* **Records from a dataset**:
———
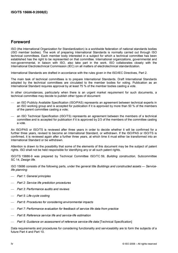 ISO/TS 15686-9:2008 is a technical specification published by the International Organization for Standardization (ISO). Its full title is "Buildings and constructed assets - Service-life planning - Part 9: Guidance on assessment of service-life data". This standard covers: ISO/TS 15686-9:2008 gives guidance for the derivation and presentation of reference service-life data. It is applicable to manufacturers or producers that provide reference service-life data for use in service-life planning in accordance with ISO 15686-1, ISO 15686-2, ISO 15686-3, ISO 15686-5, ISO 15686-6, ISO 15686-7 and ISO 15686-8.
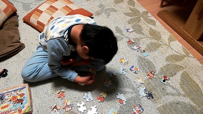 H、1人寝になってから、寝る前の絵本はリビングで。
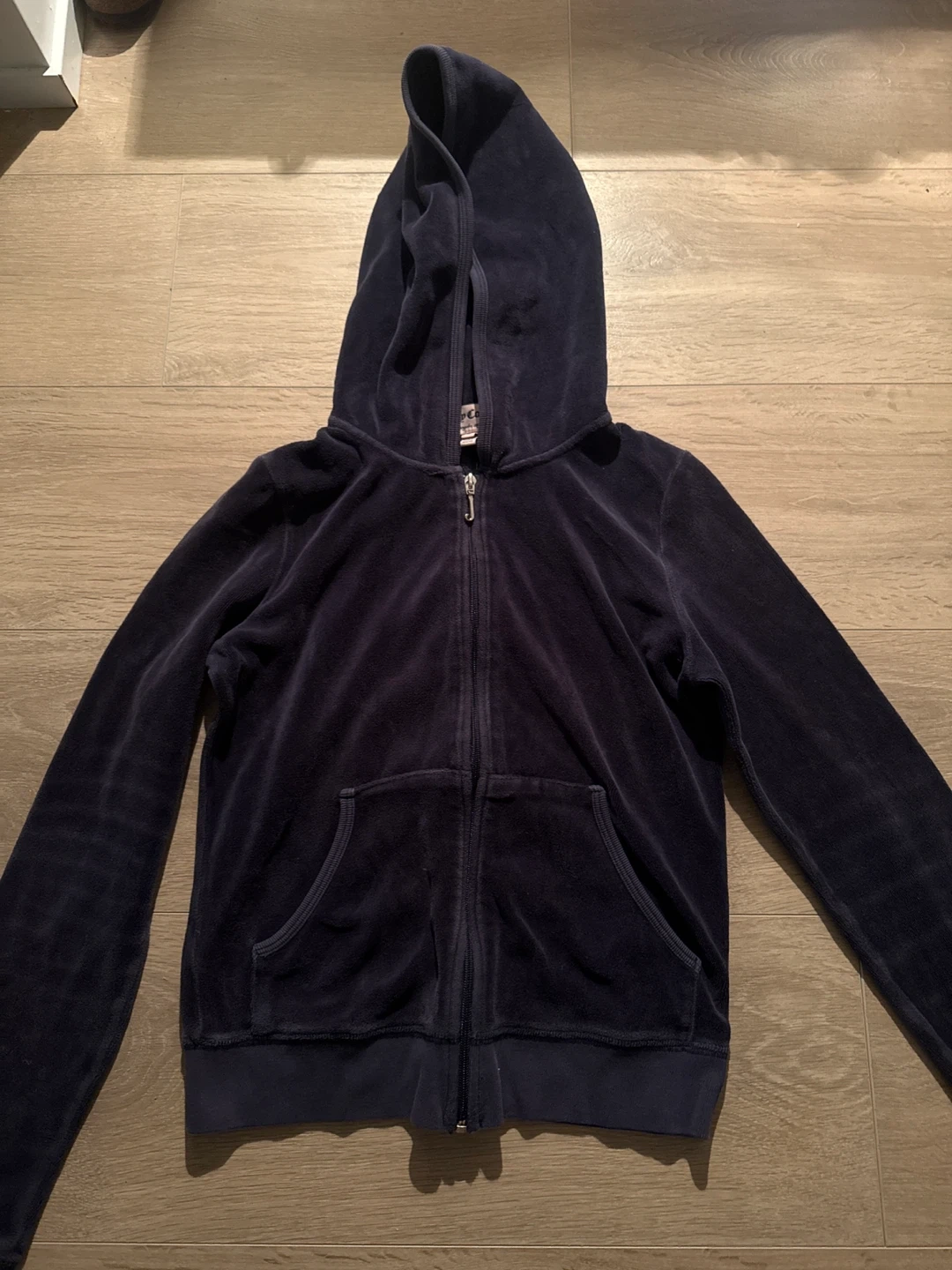 Selling a Juicy Couture velour hoodie in size small. It's a beautiful dark blue colour with the classic Juicy logo on the back. Super comfy and in great condition.
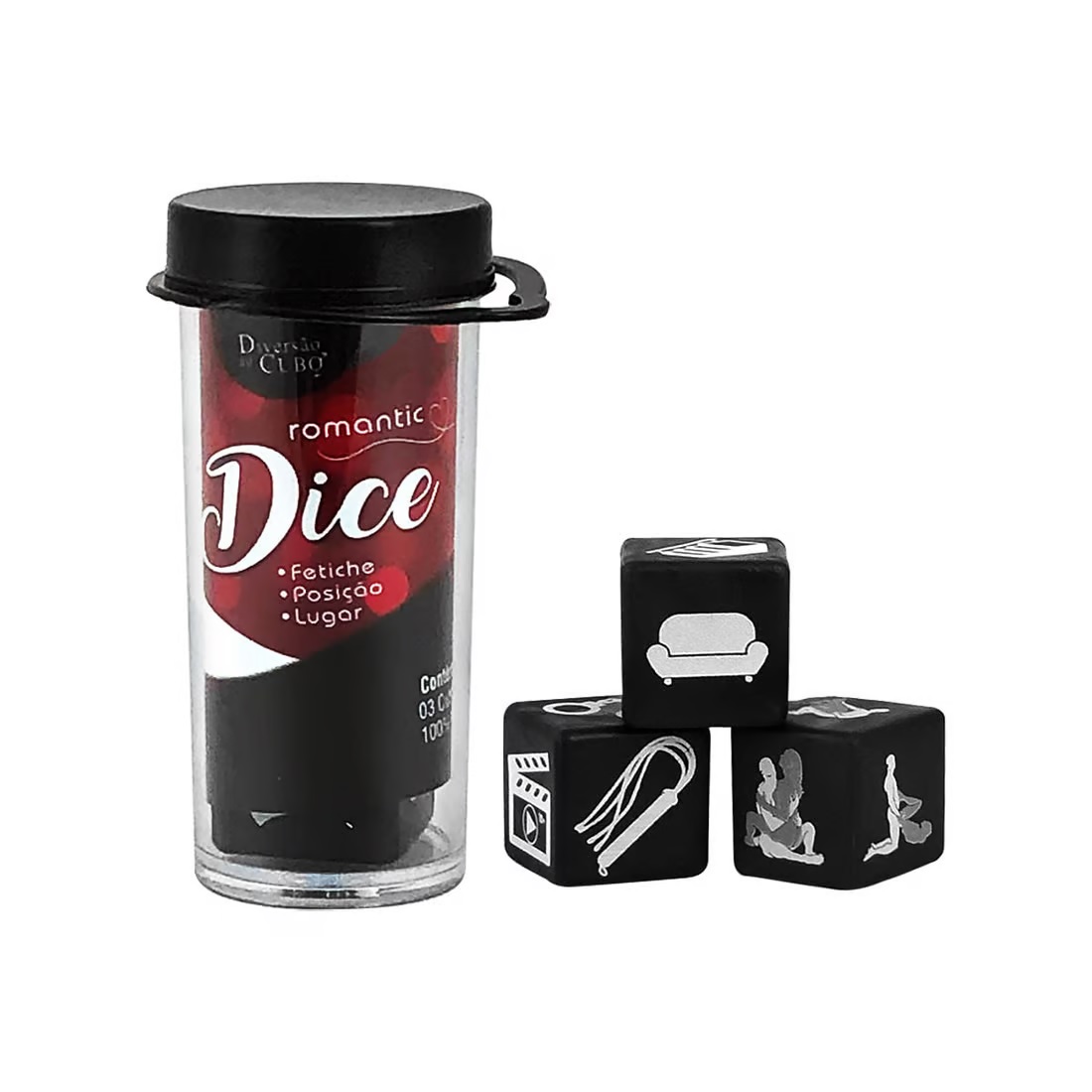 O Dice Romantic da Diversão ao Cubo vem com 3 dados para tornar a brincadeira ainda mais excitante, 01 dado representa o fetiche que o casal terá que fazer, 01 dado a posição, e o último dado o lugar, diversão e prazer não vão faltar.
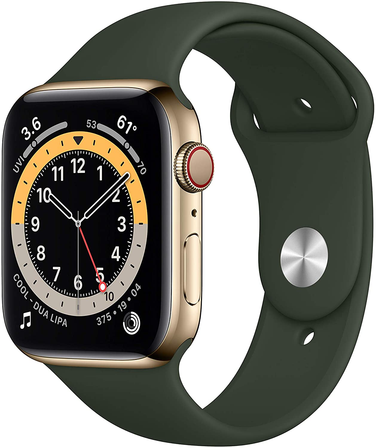 Die Apple Watch Series 6 präsentiert sich in einem eleganten 44 mm Edelstahlgehäuse in Gold und einem sportlichen Zyperngrünen Fluorelastomerarmband. Die Kombination aus robustem Saphirglas und Edelstahl sorgt für Langlebigkeit und Widerstandsfähigkeit, während das geringe Gewicht von 47,1 g beim Sport kaum spürbar ist. Diese Eigenschaften machen die Uhr zu einem stilvollen Begleiter im Alltag, der sich sowohl im Büro als auch in der Freizeit gut macht. Einige Nutzer berichten jedoch von Problemen mit der Wasserdichtigkeit, was in bestimmten Situationen nachteilig sein kann.
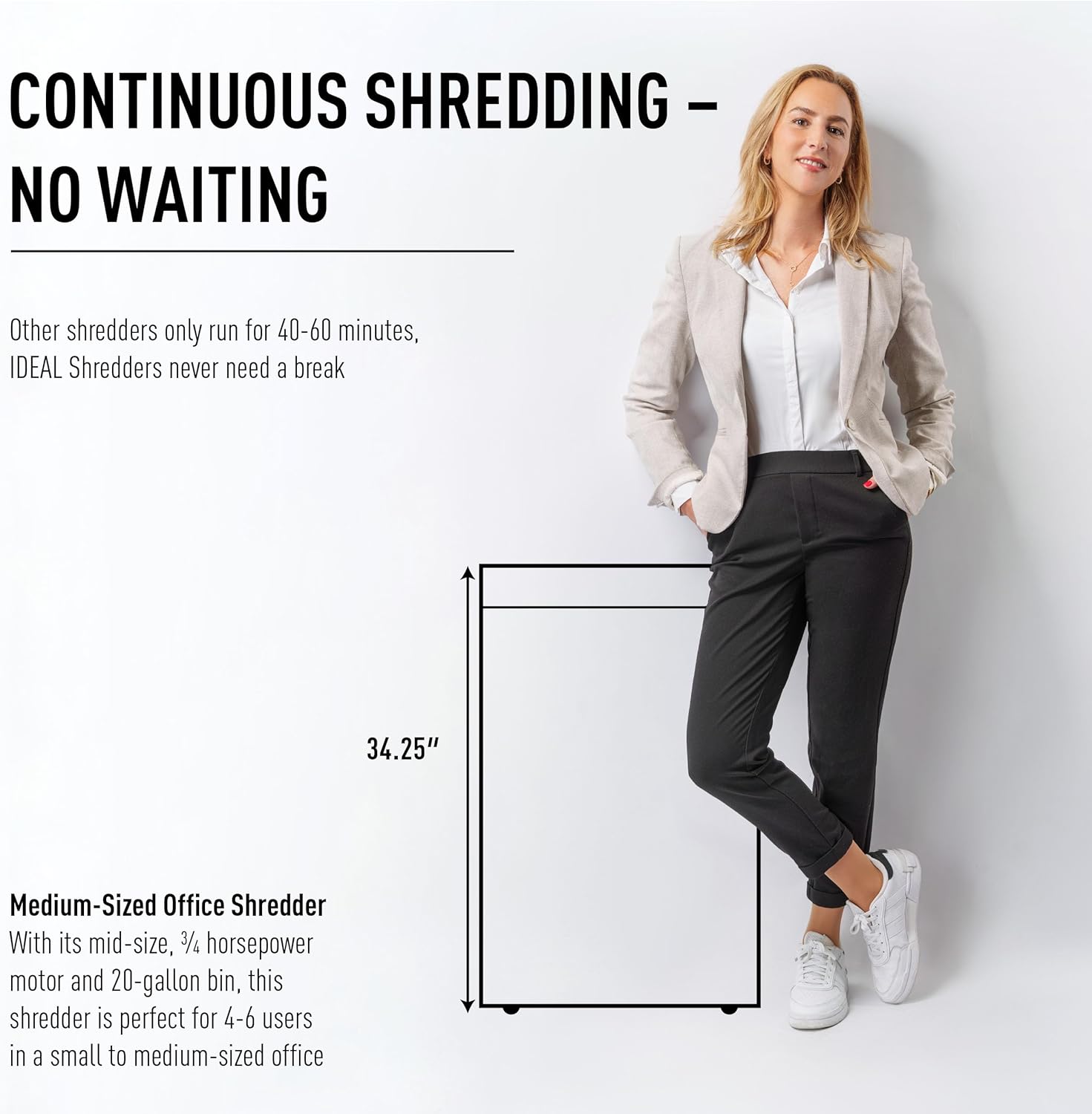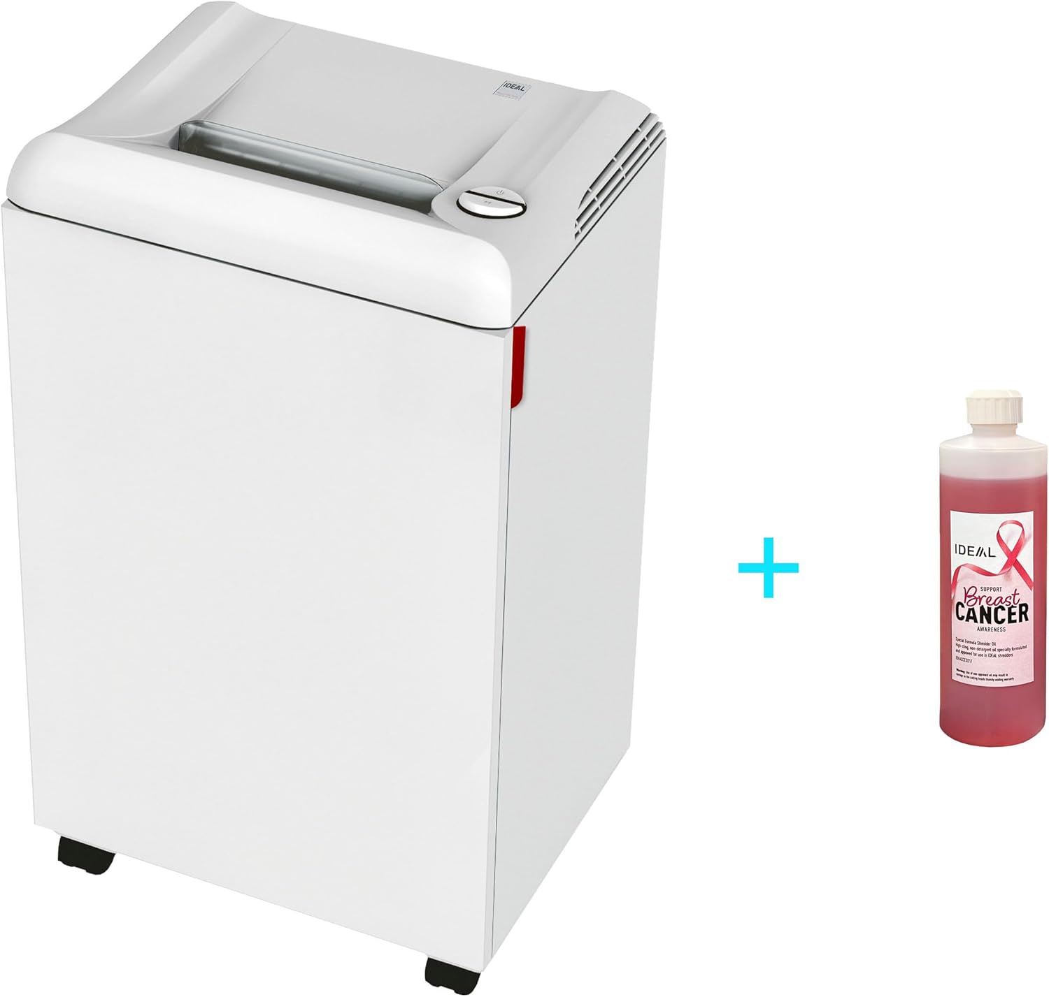 The IDEAL 2503 Cross-Cut Paper Shredder P-5 is a compact, yet powerful commercial office shredder designed for small offices and departments with up to 6 users. Built for centralized shredding, this high-security P-5 shredder delivers continuous, reliable performance with solid steel cutting heads that minimize downtime while effortlessly shredding paper, staples, paper clips, and credit cards. Engineered and manufactured in Germany, the IDEAL 2503 features a quiet yet powerful 3/4 HP single-phase motor that shreds up to 10 sheets at a time and processes up to 262 sheets per minute, making it an ideal solution for growing office shredding needs. The 10.25” feed opening allows for easy document insertion, while the patented electronically controlled transparent safety shield helps protect hands and fingers during operation. This HIPAA- and FACTA-compliant paper shredder is certified to destroy Personally Identifiable Information (PII) and Controlled Unclassified Information (CUI), making it a federally accepted shredder for protecting sensitive documents and preventing identity theft. Its impact-resistant, lightweight 20-gallon bin is easy to remove, and the high-quality wooden cabinet on casters provides durability and smooth mobility within the office. Designed for long-term reliability, the IDEAL 2503 is backed by a lifetime warranty on cutting shafts and wheels, a 3-year limited warranty on parts (excluding wear items), and a 90-day labor or exchange warranty at IDEAL’s discretion. Each shredder includes 1 pint of IDEAL Pink Shredder Oil to help maintain peak performance. Perfect for small offices, departments, and professional environments, the IDEAL 2503 delivers high-security shredding, quiet operation, and German-engineered quality you can count on for years of trouble-free use.
———
* **PROBLEM**: The entries above are to be retyped exactly, with each picture left out.

* **ANSWER SPACE**:
 ISO/TS 15686-9:2008 is a technical specification published by the International Organization for Standardization (ISO). Its full title is "Buildings and constructed assets - Service-life planning - Part 9: Guidance on assessment of service-life data". This standard covers: ISO/TS 15686-9:2008 gives guidance for the derivation and presentation of reference service-life data. It is applicable to manufacturers or producers that provide reference service-life data for use in service-life planning in accordance with ISO 15686-1, ISO 15686-2, ISO 15686-3, ISO 15686-5, ISO 15686-6, ISO 15686-7 and ISO 15686-8.
 H、1人寝になってから、寝る前の絵本はリビングで。
 Selling a Juicy Couture velour hoodie in size small. It's a beautiful dark blue colour with the classic Juicy logo on the back. Super comfy and in great condition.
 O Dice Romantic da Diversão ao Cubo vem com 3 dados para tornar a brincadeira ainda mais excitante, 01 dado representa o fetiche que o casal terá que fazer, 01 dado a posição, e o último dado o lugar, diversão e prazer não vão faltar.
 Die Apple Watch Series 6 präsentiert sich in einem eleganten 44 mm Edelstahlgehäuse in Gold und einem sportlichen Zyperngrünen Fluorelastomerarmband. Die Kombination aus robustem Saphirglas und Edelstahl sorgt für Langlebigkeit und Widerstandsfähigkeit, während das geringe Gewicht von 47,1 g beim Sport kaum spürbar ist. Diese Eigenschaften machen die Uhr zu einem stilvollen Begleiter im Alltag, der sich sowohl im Büro als auch in der Freizeit gut macht. Einige Nutzer berichten jedoch von Problemen mit der Wasserdichtigkeit, was in bestimmten Situationen nachteilig sein kann.
 The IDEAL 2503 Cross-Cut Paper Shredder P-5 is a compact, yet powerful commercial office shredder designed for small offices and departments with up to 6 users. Built for centralized shredding, this high-security P-5 shredder delivers continuous, reliable performance with solid steel cutting heads that minimize downtime while effortlessly shredding paper, staples, paper clips, and credit cards. Engineered and manufactured in Germany, the IDEAL 2503 features a quiet yet powerful 3/4 HP single-phase motor that shreds up to 10 sheets at a time and processes up to 262 sheets per minute, making it an ideal solution for growing office shredding needs. The 10.25” feed opening allows for easy document insertion, while the patented electronically controlled transparent safety shield helps protect hands and fingers during operation. This HIPAA- and FACTA-compliant paper shredder is certified to destroy Personally Identifiable Information (PII) and Controlled Unclassified Information (CUI), making it a federally accepted shredder for protecting sensitive documents and preventing identity theft. Its impact-resistant, lightweight 20-gallon bin is easy to remove, and the high-quality wooden cabinet on casters provides durability and smooth mobility within the office. Designed for long-term reliability, the IDEAL 2503 is backed by a lifetime warranty on cutting shafts and wheels, a 3-year limited warranty on parts (excluding wear items), and a 90-day labor or exchange warranty at IDEAL’s discretion. Each shredder includes 1 pint of IDEAL Pink Shredder Oil to help maintain peak performance. Perfect for small offices, departments, and professional environments, the IDEAL 2503 delivers high-security shredding, quiet operation, and German-engineered quality you can count on for years of trouble-free use.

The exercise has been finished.